(Exercise description)
Your task is to copy the stretch of lines in the records below that begins with the line containing "2、红色和绿色飘带转换,洋红色和深绿色是多空头行情加强表现" and ends with the line containing "확인하고자 했던 휴면보험금 조회결과도 없네요.", exactly as written, with nothing added.

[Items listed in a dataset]
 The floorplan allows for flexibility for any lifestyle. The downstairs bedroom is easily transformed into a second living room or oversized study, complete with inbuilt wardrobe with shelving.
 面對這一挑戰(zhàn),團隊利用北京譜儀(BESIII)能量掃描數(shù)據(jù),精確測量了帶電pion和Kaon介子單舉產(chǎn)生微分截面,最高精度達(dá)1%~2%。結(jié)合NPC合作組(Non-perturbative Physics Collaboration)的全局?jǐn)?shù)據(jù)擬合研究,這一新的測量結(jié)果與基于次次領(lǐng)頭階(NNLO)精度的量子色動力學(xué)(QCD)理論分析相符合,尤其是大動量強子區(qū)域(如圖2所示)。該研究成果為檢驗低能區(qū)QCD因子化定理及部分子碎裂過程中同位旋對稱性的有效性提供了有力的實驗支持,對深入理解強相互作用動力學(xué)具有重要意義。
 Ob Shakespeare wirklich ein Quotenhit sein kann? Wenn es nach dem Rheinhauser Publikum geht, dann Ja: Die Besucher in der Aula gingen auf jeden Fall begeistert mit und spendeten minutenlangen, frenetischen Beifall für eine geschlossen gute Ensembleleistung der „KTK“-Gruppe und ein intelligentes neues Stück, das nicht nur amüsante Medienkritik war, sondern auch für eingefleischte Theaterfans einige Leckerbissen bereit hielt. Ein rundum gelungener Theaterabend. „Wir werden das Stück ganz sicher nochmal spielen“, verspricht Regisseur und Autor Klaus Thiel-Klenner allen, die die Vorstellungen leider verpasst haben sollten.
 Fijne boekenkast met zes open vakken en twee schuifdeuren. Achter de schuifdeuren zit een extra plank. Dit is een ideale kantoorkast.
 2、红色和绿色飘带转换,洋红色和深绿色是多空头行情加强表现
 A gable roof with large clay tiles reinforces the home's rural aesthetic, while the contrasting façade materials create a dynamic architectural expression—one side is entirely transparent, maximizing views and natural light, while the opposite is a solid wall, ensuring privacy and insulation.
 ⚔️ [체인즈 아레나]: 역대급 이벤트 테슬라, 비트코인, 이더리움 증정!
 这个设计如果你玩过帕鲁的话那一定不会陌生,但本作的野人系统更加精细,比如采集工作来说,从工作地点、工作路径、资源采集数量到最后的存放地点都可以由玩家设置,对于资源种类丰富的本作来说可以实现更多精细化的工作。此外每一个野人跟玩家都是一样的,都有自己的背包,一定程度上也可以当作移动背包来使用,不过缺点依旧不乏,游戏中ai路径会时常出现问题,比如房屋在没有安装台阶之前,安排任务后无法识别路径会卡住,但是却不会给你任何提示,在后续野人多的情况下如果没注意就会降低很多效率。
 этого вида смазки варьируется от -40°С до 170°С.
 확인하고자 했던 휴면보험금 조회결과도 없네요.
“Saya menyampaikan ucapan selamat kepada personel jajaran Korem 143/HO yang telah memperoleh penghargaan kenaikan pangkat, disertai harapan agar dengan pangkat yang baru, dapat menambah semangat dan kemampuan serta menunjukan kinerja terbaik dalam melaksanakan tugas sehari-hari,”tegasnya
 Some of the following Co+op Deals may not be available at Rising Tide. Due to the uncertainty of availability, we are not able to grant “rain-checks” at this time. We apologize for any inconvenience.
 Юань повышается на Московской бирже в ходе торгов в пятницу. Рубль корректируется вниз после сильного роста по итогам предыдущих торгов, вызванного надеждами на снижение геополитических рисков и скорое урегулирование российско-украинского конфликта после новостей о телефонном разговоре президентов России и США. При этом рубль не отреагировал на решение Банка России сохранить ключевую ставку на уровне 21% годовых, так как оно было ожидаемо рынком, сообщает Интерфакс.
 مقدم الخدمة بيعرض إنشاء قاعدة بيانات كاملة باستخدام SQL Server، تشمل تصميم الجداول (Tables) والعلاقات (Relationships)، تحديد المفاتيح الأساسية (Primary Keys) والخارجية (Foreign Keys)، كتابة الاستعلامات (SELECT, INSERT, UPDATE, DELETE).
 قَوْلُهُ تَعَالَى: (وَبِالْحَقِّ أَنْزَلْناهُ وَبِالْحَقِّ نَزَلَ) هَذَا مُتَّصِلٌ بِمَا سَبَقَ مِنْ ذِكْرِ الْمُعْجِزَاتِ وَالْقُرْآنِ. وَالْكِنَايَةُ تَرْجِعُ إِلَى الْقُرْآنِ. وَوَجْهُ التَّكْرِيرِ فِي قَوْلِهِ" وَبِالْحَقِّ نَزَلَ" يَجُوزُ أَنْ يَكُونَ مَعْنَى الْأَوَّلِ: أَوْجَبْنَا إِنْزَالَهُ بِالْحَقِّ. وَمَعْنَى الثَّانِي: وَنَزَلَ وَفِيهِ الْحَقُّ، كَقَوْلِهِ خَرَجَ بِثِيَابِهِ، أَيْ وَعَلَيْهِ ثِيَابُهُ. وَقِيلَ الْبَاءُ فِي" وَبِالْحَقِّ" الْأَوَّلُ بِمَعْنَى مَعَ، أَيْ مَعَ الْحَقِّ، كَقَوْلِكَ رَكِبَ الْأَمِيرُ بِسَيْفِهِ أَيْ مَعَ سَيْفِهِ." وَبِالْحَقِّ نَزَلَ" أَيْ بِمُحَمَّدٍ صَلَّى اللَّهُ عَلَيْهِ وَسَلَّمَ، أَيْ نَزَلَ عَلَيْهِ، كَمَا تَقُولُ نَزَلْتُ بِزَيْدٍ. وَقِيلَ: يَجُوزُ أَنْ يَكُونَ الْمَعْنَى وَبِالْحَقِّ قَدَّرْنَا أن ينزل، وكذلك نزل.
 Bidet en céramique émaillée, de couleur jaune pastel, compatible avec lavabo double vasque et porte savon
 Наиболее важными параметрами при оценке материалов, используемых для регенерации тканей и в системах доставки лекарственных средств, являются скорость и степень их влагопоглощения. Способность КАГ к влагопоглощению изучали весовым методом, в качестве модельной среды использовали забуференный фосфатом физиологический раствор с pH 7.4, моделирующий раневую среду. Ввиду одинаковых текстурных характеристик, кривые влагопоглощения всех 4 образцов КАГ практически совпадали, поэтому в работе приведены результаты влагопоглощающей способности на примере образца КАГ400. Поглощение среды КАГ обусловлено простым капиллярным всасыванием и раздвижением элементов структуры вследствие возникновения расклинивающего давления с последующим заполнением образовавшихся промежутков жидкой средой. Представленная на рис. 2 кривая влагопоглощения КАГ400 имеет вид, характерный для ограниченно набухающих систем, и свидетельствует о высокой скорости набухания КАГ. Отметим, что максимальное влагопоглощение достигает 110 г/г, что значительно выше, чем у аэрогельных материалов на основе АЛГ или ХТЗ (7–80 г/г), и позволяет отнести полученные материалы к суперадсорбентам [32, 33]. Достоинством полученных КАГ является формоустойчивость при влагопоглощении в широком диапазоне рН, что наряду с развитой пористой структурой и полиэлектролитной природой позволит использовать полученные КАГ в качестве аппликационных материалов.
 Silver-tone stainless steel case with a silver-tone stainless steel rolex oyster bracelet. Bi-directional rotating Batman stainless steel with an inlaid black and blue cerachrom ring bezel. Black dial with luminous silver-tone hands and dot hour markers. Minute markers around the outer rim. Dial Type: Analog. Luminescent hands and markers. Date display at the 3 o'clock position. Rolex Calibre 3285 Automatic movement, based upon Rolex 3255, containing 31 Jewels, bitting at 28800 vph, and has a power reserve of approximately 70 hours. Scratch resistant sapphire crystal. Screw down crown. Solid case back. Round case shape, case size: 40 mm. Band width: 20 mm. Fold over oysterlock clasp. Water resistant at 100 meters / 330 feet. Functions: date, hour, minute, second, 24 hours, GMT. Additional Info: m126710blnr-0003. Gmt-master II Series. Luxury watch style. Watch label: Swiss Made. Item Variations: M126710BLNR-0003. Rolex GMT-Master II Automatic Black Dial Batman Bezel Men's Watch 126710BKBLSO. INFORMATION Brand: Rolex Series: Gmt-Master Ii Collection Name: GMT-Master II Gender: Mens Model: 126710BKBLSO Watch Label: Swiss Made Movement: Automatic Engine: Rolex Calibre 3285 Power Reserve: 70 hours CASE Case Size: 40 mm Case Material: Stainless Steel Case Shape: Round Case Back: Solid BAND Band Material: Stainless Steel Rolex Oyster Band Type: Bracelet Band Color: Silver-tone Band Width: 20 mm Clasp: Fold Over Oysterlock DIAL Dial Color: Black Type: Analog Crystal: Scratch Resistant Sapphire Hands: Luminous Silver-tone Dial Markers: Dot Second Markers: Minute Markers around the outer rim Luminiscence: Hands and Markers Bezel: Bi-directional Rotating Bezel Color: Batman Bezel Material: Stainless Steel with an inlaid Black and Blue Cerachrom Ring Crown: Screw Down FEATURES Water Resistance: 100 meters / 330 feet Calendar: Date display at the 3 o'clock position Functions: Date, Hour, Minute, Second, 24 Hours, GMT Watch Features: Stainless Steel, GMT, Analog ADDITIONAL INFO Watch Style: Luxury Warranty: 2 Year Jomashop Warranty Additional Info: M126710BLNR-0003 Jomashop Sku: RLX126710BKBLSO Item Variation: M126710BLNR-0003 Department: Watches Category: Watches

(Response area)
 2、红色和绿色飘带转换,洋红色和深绿色是多空头行情加强表现
 A gable roof with large clay tiles reinforces the home's rural aesthetic, while the contrasting façade materials create a dynamic architectural expression—one side is entirely transparent, maximizing views and natural light, while the opposite is a solid wall, ensuring privacy and insulation.
 ⚔️ [체인즈 아레나]: 역대급 이벤트 테슬라, 비트코인, 이더리움 증정!
 这个设计如果你玩过帕鲁的话那一定不会陌生,但本作的野人系统更加精细,比如采集工作来说,从工作地点、工作路径、资源采集数量到最后的存放地点都可以由玩家设置,对于资源种类丰富的本作来说可以实现更多精细化的工作。此外每一个野人跟玩家都是一样的,都有自己的背包,一定程度上也可以当作移动背包来使用,不过缺点依旧不乏,游戏中ai路径会时常出现问题,比如房屋在没有安装台阶之前,安排任务后无法识别路径会卡住,但是却不会给你任何提示,在后续野人多的情况下如果没注意就会降低很多效率。
 этого вида смазки варьируется от -40°С до 170°С.
 확인하고자 했던 휴면보험금 조회결과도 없네요.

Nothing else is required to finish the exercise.